What This Means If You Fast

  • A basic 8-hour window can work without calorie counting. Participants ate freely within their window and still cut roughly 341 kcal/day on average — see our guide on 16:8 vs 18:6 fasting if you want to compare window lengths.
  • Liver enzymes likely won't move much if they're already normal. This study's stable ALT/AST results suggest people without elevated liver enzymes at baseline shouldn't expect big changes there — the bigger wins tend to show up in weight and intake. For people who do have elevated liver enzymes or diagnosed fatty liver, see our coverage of fasting and fatty liver disease.
  • Safety data supports starting simple. The absence of adverse changes in blood counts or disordered eating measures over 12 weeks is reassuring for people considering a straightforward 8-hour window as a starting point.
  • Weight loss here was modest, not dramatic. A 2.6% reduction over 12 weeks is a realistic expectation for time-restricted eating alone, without added calorie restriction or exercise.
  • This wasn't a fully randomized trial. The comparison data came from a historical/matched group rather than people randomized alongside the TRF participants, so treat the specific numbers as suggestive rather than definitive.

Study Limitations

  • Small sample size (23 participants), limiting statistical power, especially for secondary safety outcomes like liver enzymes.
  • Comparison group was historical/matched rather than concurrently randomized, which is a weaker design than a true RCT.
  • Short duration (12 weeks) — longer-term effects on liver markers remain unclear.
  • Energy intake was self-reported via food logs, introducing potential reporting bias.
  • Participants did not have confirmed liver disease at baseline, so results may not generalize to people with existing NAFLD or elevated liver enzymes.
  • This summary was written from model training knowledge due to network access restrictions (403 errors) on PubMed and publisher sites at generation time; readers should verify exact figures against the original publication.

Source

Gabel, K., Hoddy, K. K., Haggerty, N., Song, J., Kroeger, C. M., Trepanowski, J. F., Panda, S., & Varady, K. A. (2018). Effects of 8-hour time restricted feeding on body weight and metabolic disease risk factors in obese adults: A pilot study. Nutrition and Healthy Aging, 4(4), 345–353. PMID: 29951594


Frequently Asked Questions

Does 8-hour time-restricted eating change liver enzymes like ALT and AST?

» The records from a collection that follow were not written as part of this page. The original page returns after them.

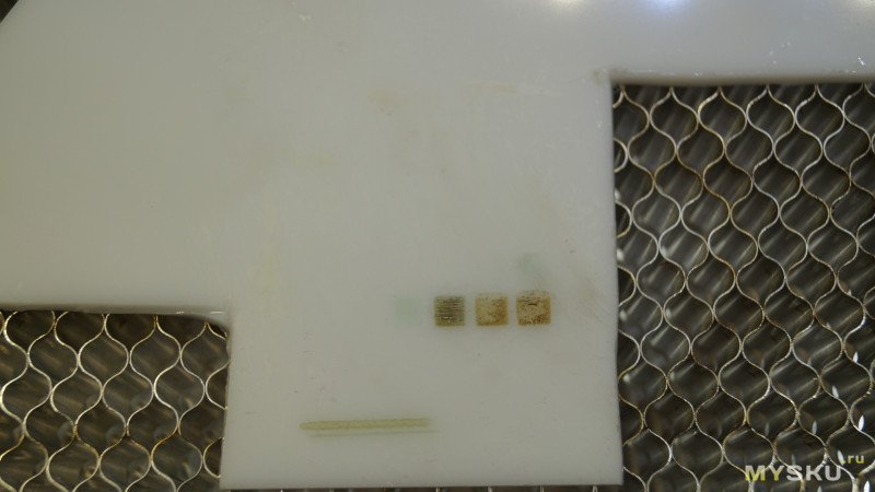 Попробовал резать и гравировать на белом оргстекле. Так-как поверхность отражающая, то заклеил стекло виниловой пленкой — не режет даже на 100мм/мин, остаются малозаметные следы.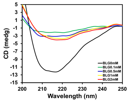 CD spectroscopy is a useful spectroscopic technique usually used to investigate proteins’ secondary structural changes. The protein secondary and tertiary structure can be modified by binding to the small molecules or ligands and sometimes by perturbing the structures of proteins. Far UV-CD measurements were performed with and without the SY and characterized the modification of the secondary structure of BLG. The far-UV spectra of BLG with and without SY were shown in Figure 5. The figure noted that the CD spectrum of native BLG exhibited a broad negative minimum in between 210–220 nm, which is consistent with the other published report, indicating that BLG has a β-sheet structure [33]. When BLG samples were incubated with different concentrations of SY dye (0.1, 0.5, 1.0, and 2.0 mM), a huge decrease in negative ellipticity was recorded without the shift of peak position, which is indicative of a loss of secondary structure. The reduction in negative ellipticity without the peak position shift indicates that the BLG molecules lost the secondary structure in the presence of SY dye. The aggregation caused by SY dye also suggests that the BLG aggregates do not have any ordered secondary structure. It could be a signature of amorphous aggregates. The percent secondary structure changes of BLG in response to SY dye was shown in Table 2.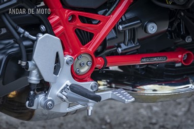 Motor esse que é um dos meus favoritos e que considero impressionante pela sua disponibilidade a qualquer regime, pela sua sonoridade grave e rouca, pela sua vibração que mais parece um pulsar, pela subida de rotação decidida… enfim, um dos que me satisfaz completamente! Sobretudo porque a caixa de seis velocidades, assistida por uma embraiagem a seco, de disco simples e acionamento hidráulico, é extremamente precisa e rápida.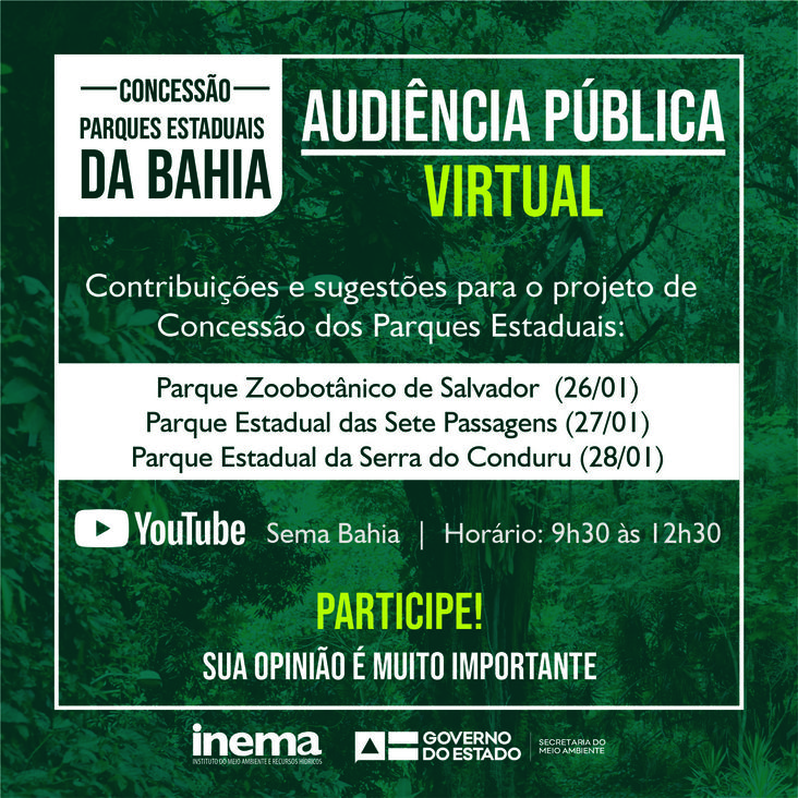 Serão realizadas audiências públicas específicas: Parque Zoobotânico (26/01), Sete Passagens (27/01) e Conduru (28/01), sempre das 9h30 às 12h30, em formato exclusivamente virtual, pelo canal do YouTube da Sema. O público poderá participar e se manifestar por meio de formulário que ficará disponível em cada transmissão.

In this trial, ALT and AST did not change meaningfully over 12 weeks, likely because participants did not have elevated liver enzymes at baseline. Bigger liver enzyme changes tend to appear in studies that specifically enroll people already diagnosed with fatty liver disease.

How much weight did participants lose with 8-hour time-restricted eating?

Participants lost approximately 2.6% of body weight over 12 weeks, driven by a natural reduction in daily energy intake of roughly 341 kcal, without deliberately counting calories.

Is this study as strong as a randomized controlled trial?

Not quite — the comparison data came from a historical or matched group rather than participants randomized at the same time, which is a weaker study design than a true RCT. The findings are best treated as an early, suggestive pilot result.

Did 8-hour time-restricted eating cause any safety concerns?

No. The safety analysis found no significant adverse events and no negative changes in blood counts, body image, or disordered eating measures over the 12-week study period.

Do you need to count calories for an 8-hour eating window to work?

No. Participants in this study ate freely within their 8-hour window and still reduced their daily intake by roughly 341 calories on average without any deliberate calorie tracking.